En el ámbito internacional, Felipe II heredó la política de enfrentamiento con Francia por la


hegemonía europea, pero esta contienda quedó zanjada en los primeros años de reinado tras
las derrotas francesas en las batallas de San Quintín y Gravelinas y la posterior firma de la Paz
de Cateau-Cambrésis por la que Francia renunciaba a reclamar sus derechos sobre Italia. La
lucha contra los turcos también formaba parte de la política heredada de su padre; el hito más
importante del reinado de Felipe II, en este sentido, fue la formación de la Liga Santa,
integrada por la monarquía hispánica, Venecia y la Santa Sede, cuya flota derrotó en 1571 a los
turcos en Lepanto, frenando su avance.

El Mediterráneo, por tanto, dejaría de ser el principal problema de preocupación de la


monarquía hispánica y pasaría a serlo el Atlántico con dos conflictos que absorbieron
numerosos recursos militares y financieros.

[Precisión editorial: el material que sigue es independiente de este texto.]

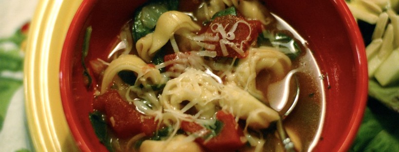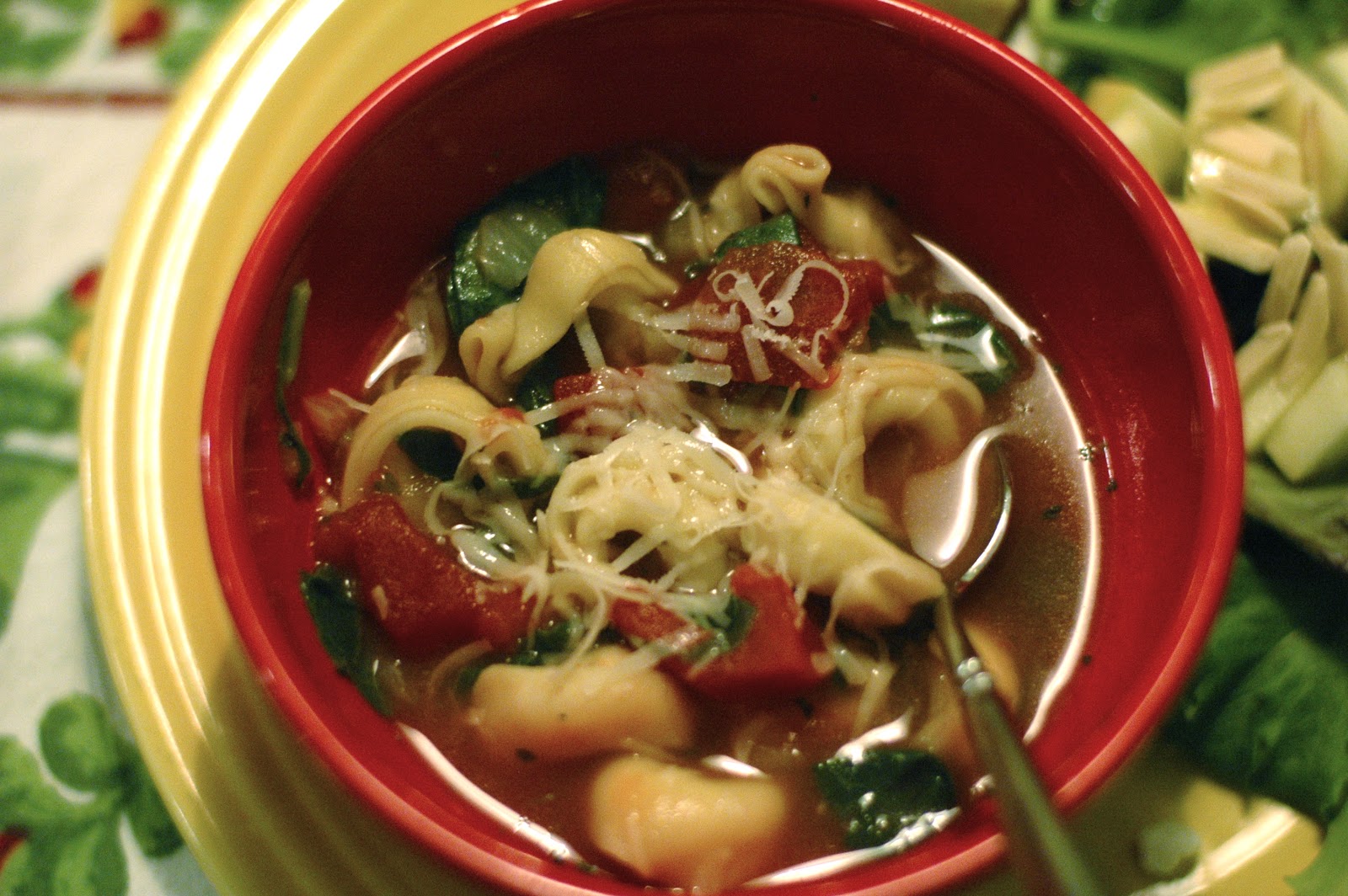 And Soup. I made Tortellini soup, which I had made just the other day for Valentine’s dinner when Lane came to hang out. Though that day, it was actually Tortellini Ravioli Soup. Dave had done the grocery shopping and there was a slight mix up in that he got cheese ravioli from the freezer section instead of cheese tortellini. Thankfully it was mini ravioli and so it could legitimately be eaten as soup because it fit in the spoon. So, we had ravioli in our “tortellini” soup. I told Dave it was apropos for our Valentine meal, as “love bears all things” came to mind from I Corinthians 13.
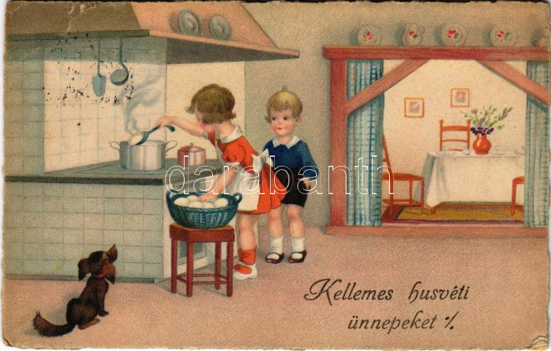 Beschreibung: Kellemes húsvéti ünnepeket / Easter greeting art postcard, children boiling eggs. ERIKA Nr. 2053. (szakadás / tear)
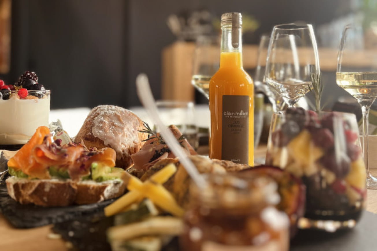 Continue the adventure in the tea room, where an assortment of sweet and savoury treats, accompanied by a glass of crémant, awaits you. On the menu for this Alsatian brunch: viennoiseries, Alsatian bread and jam, local cheeses, charcuterie, fresh fruit salad, savoury tartines and a full bowl, with your choice of hot beverage and Alain Millat fruit juice. To enhance the experience and answer any questions you may have, a guide will be on hand throughout the visit.
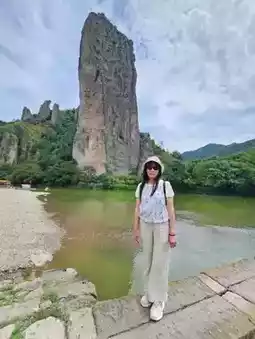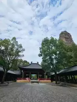 Take the Xiandu Scenic Area shuttle bus and get off at Dinghu Peak Station. A short walk will take you to the entrance of the Dinghu Peak scenic area. The scenery along the river is beautiful and leisurely, the water is turquoise, and you can always look up to see the rock formations of Dinghu Peak. Continue following the signs until you find Dinghu Peak getting closer. Inside, you'll find the Yellow Emperor Shrine, a place dedicated to the Yellow Emperor, and a wall depicting the Hundred Family Names.
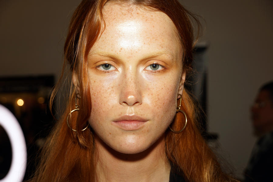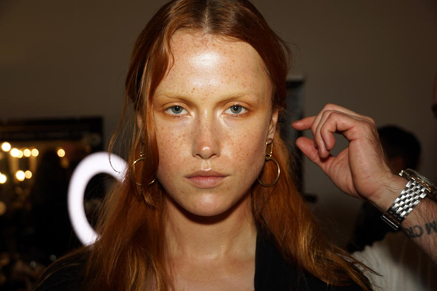 “Today for Deadly Ponies we’re going for shiny, happy, hippy, cult. All the models are related, and it’s the summer so they’ve seen too much sun. We’re creating characters in a cult today instead of a full beauty, glamorous look. Throughout we have really beautiful ochre tones and bronzed tones; and I’m starting by drawing freckles on the models with our lip liner pencil where they would actually get freckles. The pencils we’re using are Stone and Cork. Another important part of the character is bigg, bushy brows that we want to look like they’ve never been touched by tweezers. To do this we’re using the M.A.C Brow Pens where we can create individual hairs. No mascara on the eyes, we’re just doing a halo effect with eyeshadow and then talking the Prep and Prime Bright Forecast Highlighter and placing it in the corner of the eyes.”
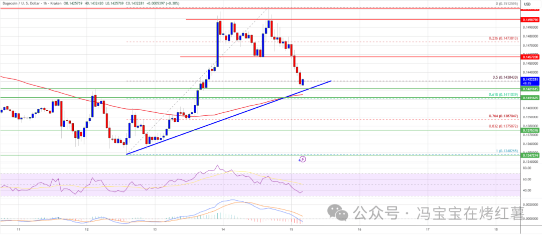 1.支撑位企稳:据数据,DOGE小时图中,0.1420上升趋势线逐步形成,当前价格站稳该支撑位且高于100小时简单移动平均线,短期下行压力缓解,多头仍有博弈空间。
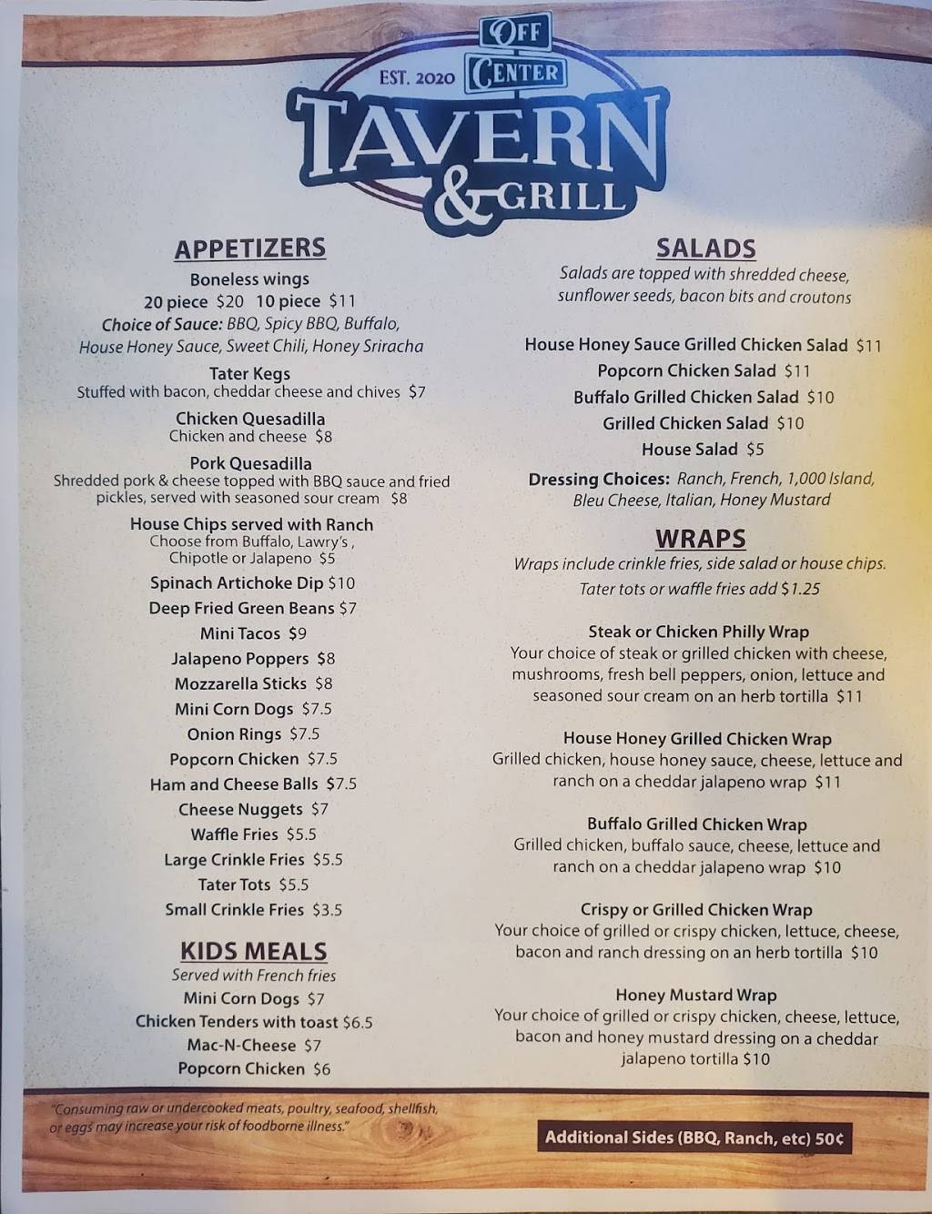 You can review this Business and help others by leaving a comment. If you want to share your thoughts about Off Center Tavern & Grill, use the form below and your opinion, advice or comment will appear in this space.
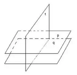 In geometry, a transversal plane is a plane that intersects (not contains) two or more lines or planes.[1] A transversal plane may also form dihedral angles.
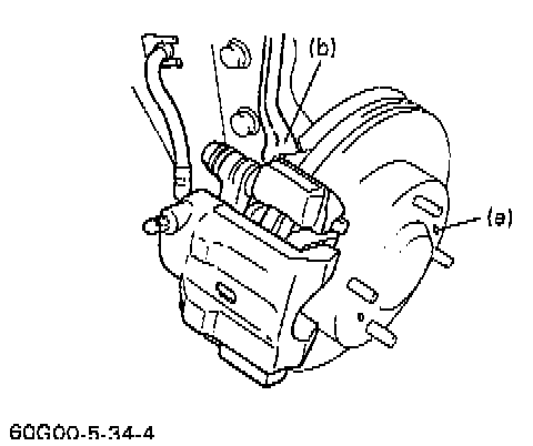 3. Torque caliper carrier bolts (a) to: 5.5 Nm (4.0 ft. lbs.) and (b) to: 85 Nm (61.5 ft. lbs.).
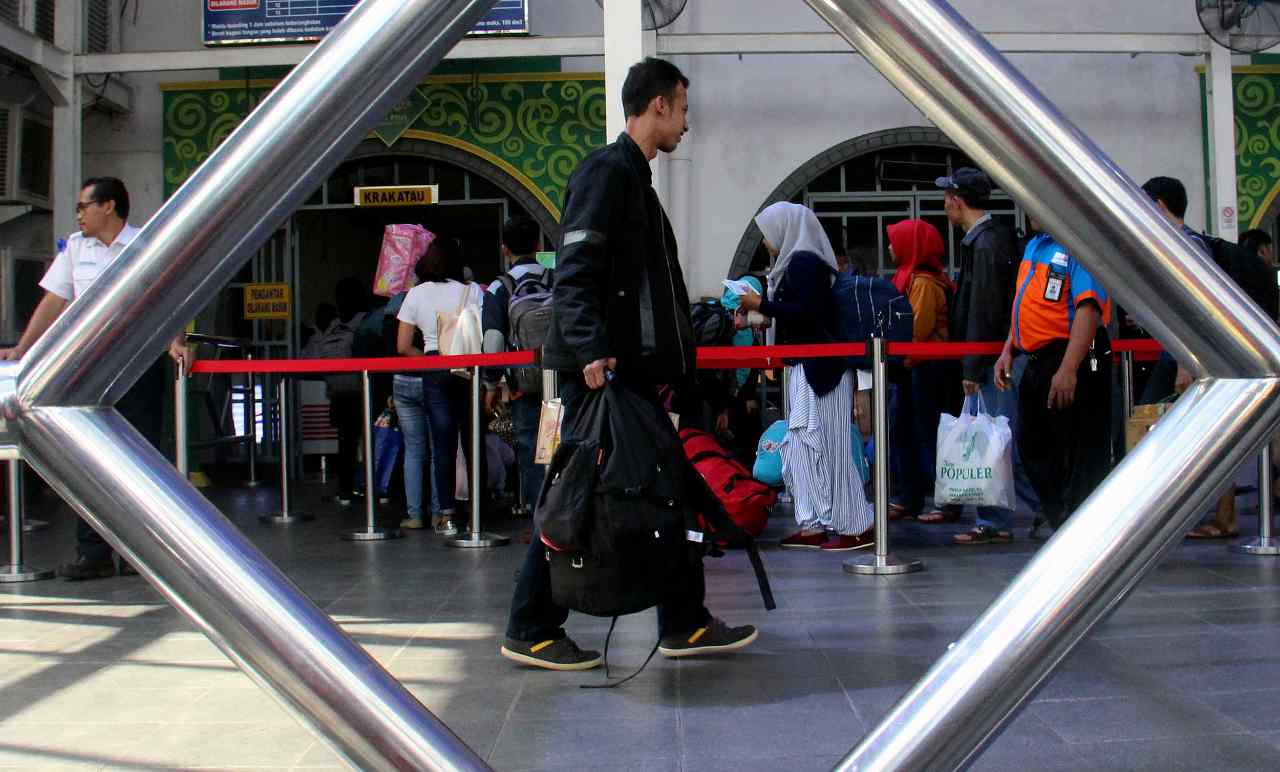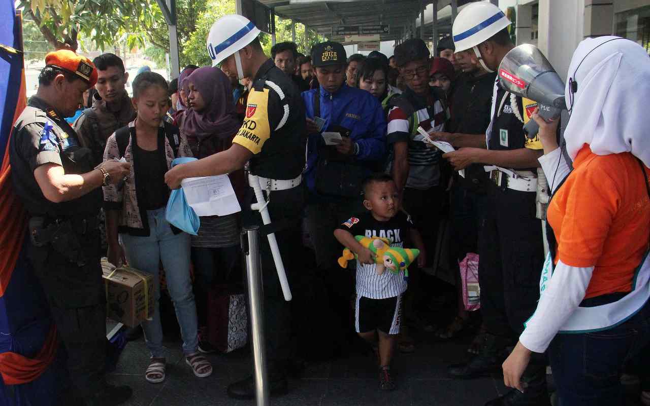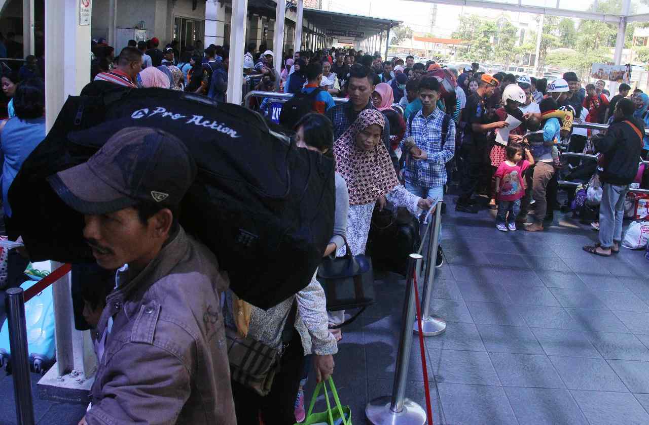 Petugas PKD memeriksa tiket calon penumpang kereta api yang antre memasuki peron di Stasiun Pasar Senen, Jakarta, Senin (4/7/2016). PT Kereta Api Indonesia (KAI) memprediksi peningkatan penumpang akan terus meningkat hingga H-2 yang merupakan peak season arus mudik 2016 dan Stasiun Pasar Senen telah memberangkatkan 8.150 pemudik dari 26 kereta api reguler serta 7 kereta api tambahan yang disediakan PT KAI dan berangkat dari stasiun yang terletak di kawasan Senen.

Destacó, en primer lugar, la sublevación de los Países Bajos (1548-1648), uno de los territorios
de la monarquía más ricos y prósperos con una importante burguesía de artesanos y
comerciantes. La sublevación se produjo en las provincias del norte donde se había extendido
el protestantismo de Calvino reprimido por la monarquía. La rebelión, que aglutinó a
diferentes sectores, fue una reacción contra esa persecución pero también contra la presión
fiscal (muchos impuestos) a que la monarquía sometía a la rica burguesía-mucha calvinista- de
estos territorios para financiar guerras que les eran ajenas; a ella se unieron elementos de la
nobleza que toleraban mal la autoridad hispánica.
La guerra contra los rebeldes holandeses se convirtió en uno de los mayores problemas
de la monarquía. Al final del reinado de Felipe II las siete provincias del norte, bajo el nombre
de Provincias Unidas, se habían independizado de hecho (aunque no legalmente). Pero el
conflicto se prolongó, con treguas y altibajos, hasta 1648, en que España, derrotada en la
Guerra de los Treinta Años, acabó reconociendo su independencia.

El otro gran conflicto fue con Inglaterra, con la que, desde la subida al trono de Isabel I,
en 1558, se mantuvo una política de rivalidad ya que el crecimiento económico y demográfico
inglés impulsó a su soberana a disputarle el monopolio comercial con América, y a partir de
1580, con el imperio portugués a la monarquía hispánica. Para lograrlo y debilitar a la
monarquía de Felipe II, Inglaterra apoyaba a los sublevados holandeses y hostigaba mediante
la piratería el comercio español en el Atlántico en una guerra encubierta que, a partir de 1585,
se convirtió en un enfrentamiento directo y abierto. Felipe II reaccionó con un proyecto de
invasión de las Islas Británicas en 1588 mediante una gran flota, la Gran Armada, que obtuvo
un rotundo fracaso de graves consecuencias militares, económicas y psicológicas.
La paz con Inglaterra no sería posible hasta 1604, tras la muerte de Isabel I, en el reinado
de Felipe III.

En suma, durante el siglo XVI la monarquía hispánica, con un gran imperio, se convirtió
en la potencia hegemónica europea. Sin embargo, la política seguida para mantener ese
imperio y el ideal político de sus gobernantes condujo a continuas guerras que consumieron
buena parte de los ingresos de la monarquía, incluidos los caudales procedentes de las Indias.

3
Además, problemas importantes, como el de las provincias del norte de los Países Bajos,
quedaron sin resolver. Todo ello iría sentando las bases de la futura decadencia en el siglo XVII.